Other Countries Make Social Security Work
May 19, 1997
The American Social Security System would be well served to model similar systems in Chile, Australia, Great Britain, and dozens of other countries that are turning toward privatization to build secure futures for their citizens, economists observe.
- Chile became the first country in the Western hemisphere to establish a government run pension system.
- Strapped with skyrocketing liabilities and no way to pay for future public pension benefits, Chile established mandatory private savings in 1981.
- Chile's system now runs a budget surplus, with average annual growth rates of 7 percent, and is producing retirement incomes averaging 70 percent of pre-retirement incomes, latest figures show.

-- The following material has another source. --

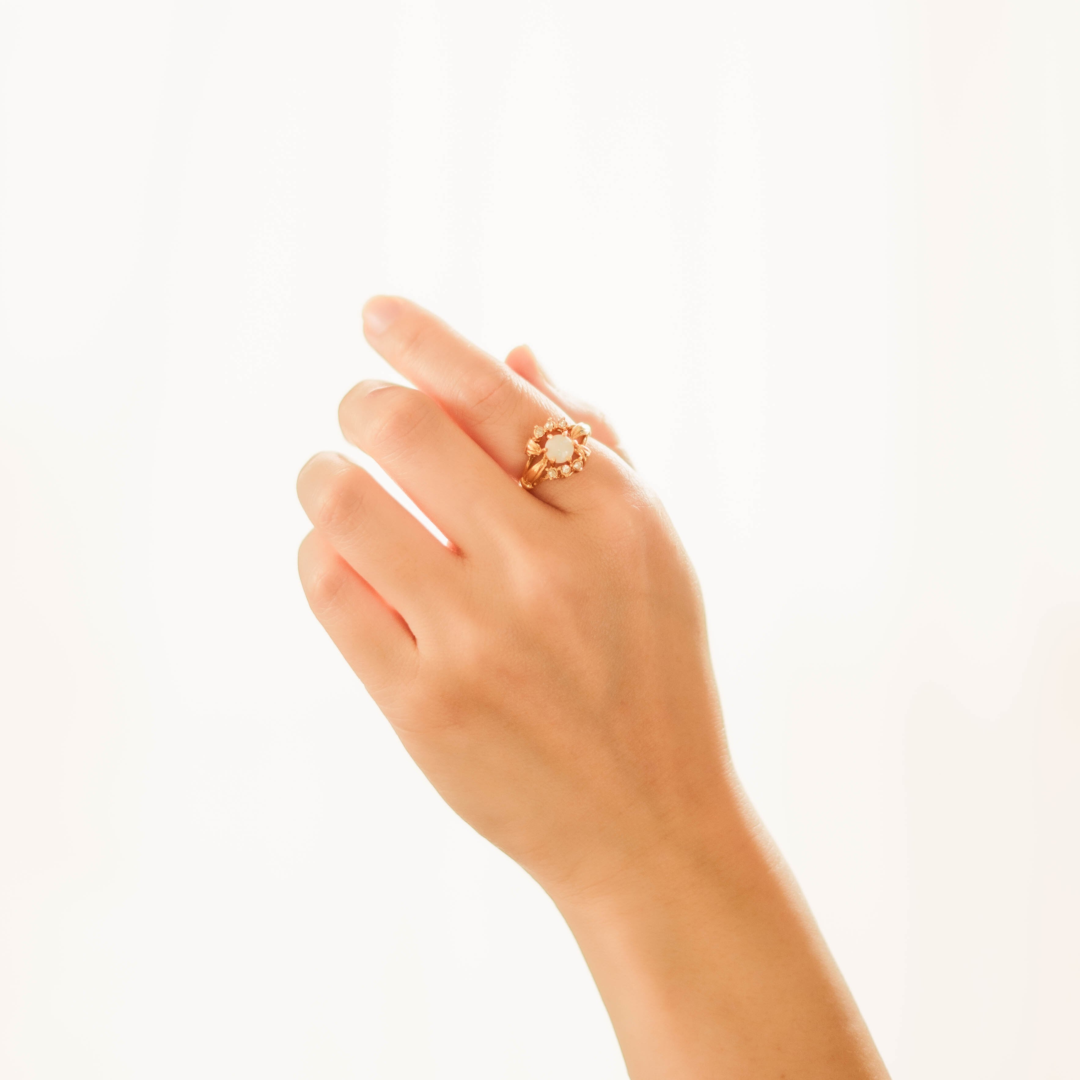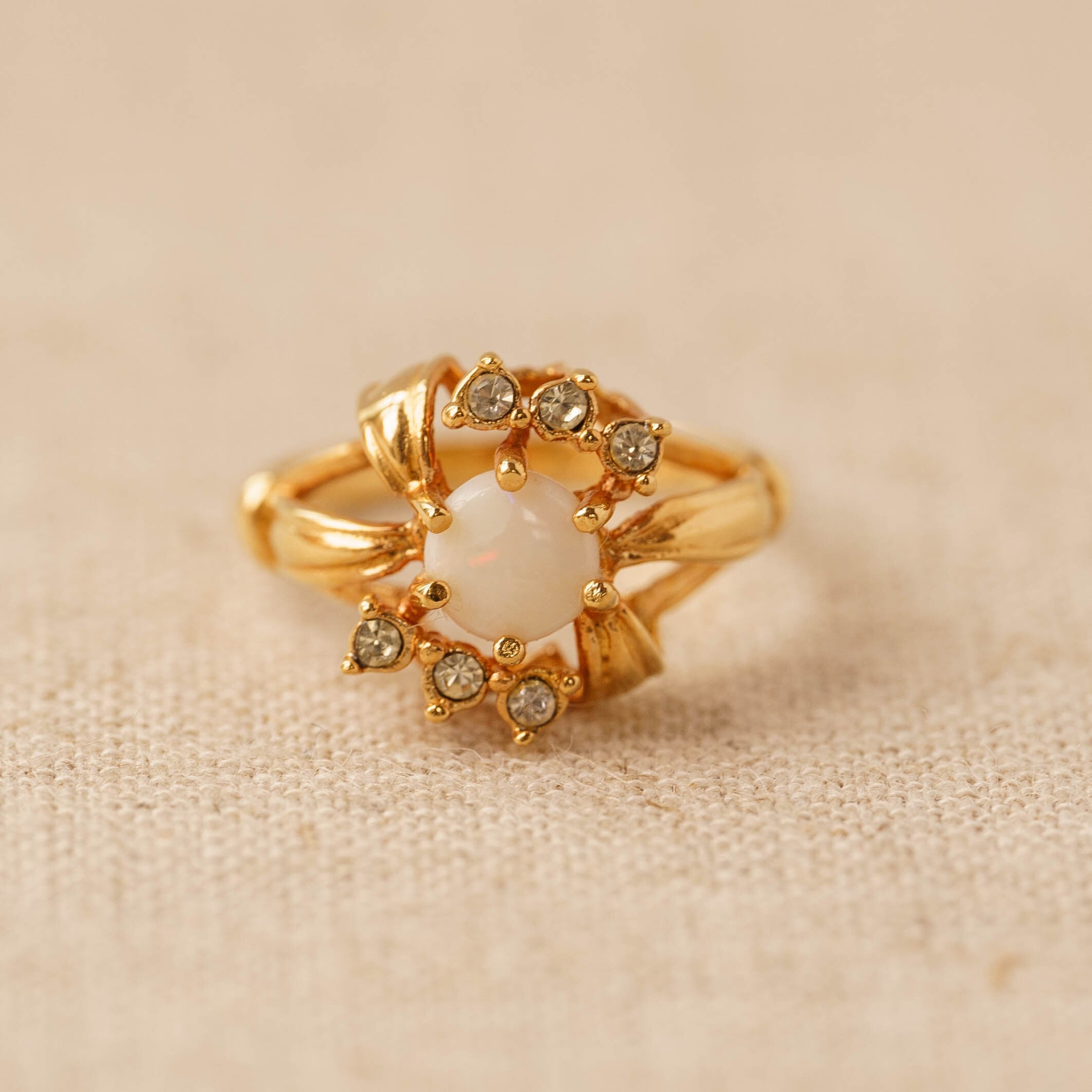オーストラリア産ホワイトオパールの上品な輝きが魅力のヴィンテージリング。抽象的かつクラシカルなシルエットに仕上げられたデザインは、エレガントさと洗練された雰囲気を併せ持ち、特別な存在感を放ちます。ホワイトオパールの柔らかな光沢が、極小のラインストーンのさりげないきらめきと調和し、華やかさをプラス。ヴィンテージゴールドの深みが、オパールの神秘的な美しさを引き立て、一つひとつのディテールに気品が宿ります。このリングは、オーストラリアの豊かな自然が育んだオパールと、クラシカルなデザインが見事に融合した逸品です。
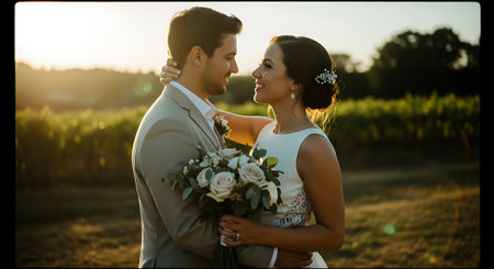 A loving couple, dressed in formal wedding attire, embracing and gazing into each other's eyes in a serene vineyard setting during a warm sunset.

Australia began a mandatory system of private pensions in 1992.
- When fully implemented, workers are to contribute 12 percent of income (less than in the U.S.) to their retirement fund.
- The funds are projected by economists to provide retirees 79 percent to 106 percent of their pre-retirement income -- for many more income than when they worked.
- Figures show that after five years, the average Australian has U.S. $30,000 in his or her pension account.
- In addition, Australia (like Chile) provides a minimum "safety-net" pension for the working poor.
Great Britain in the mid-1980s established a retirement option where workers may choose between additional government benefits or a private savings plan. Today, more than 70 percent of eligible British workers opt for private pensions in exchange for a tax cut of 4.8 percentage points.
In contrast, latest data shows the average American family pays $7,000 per year in Social Security taxes for a modest return, estimated at a mere 2.2 percent for those born in 1950.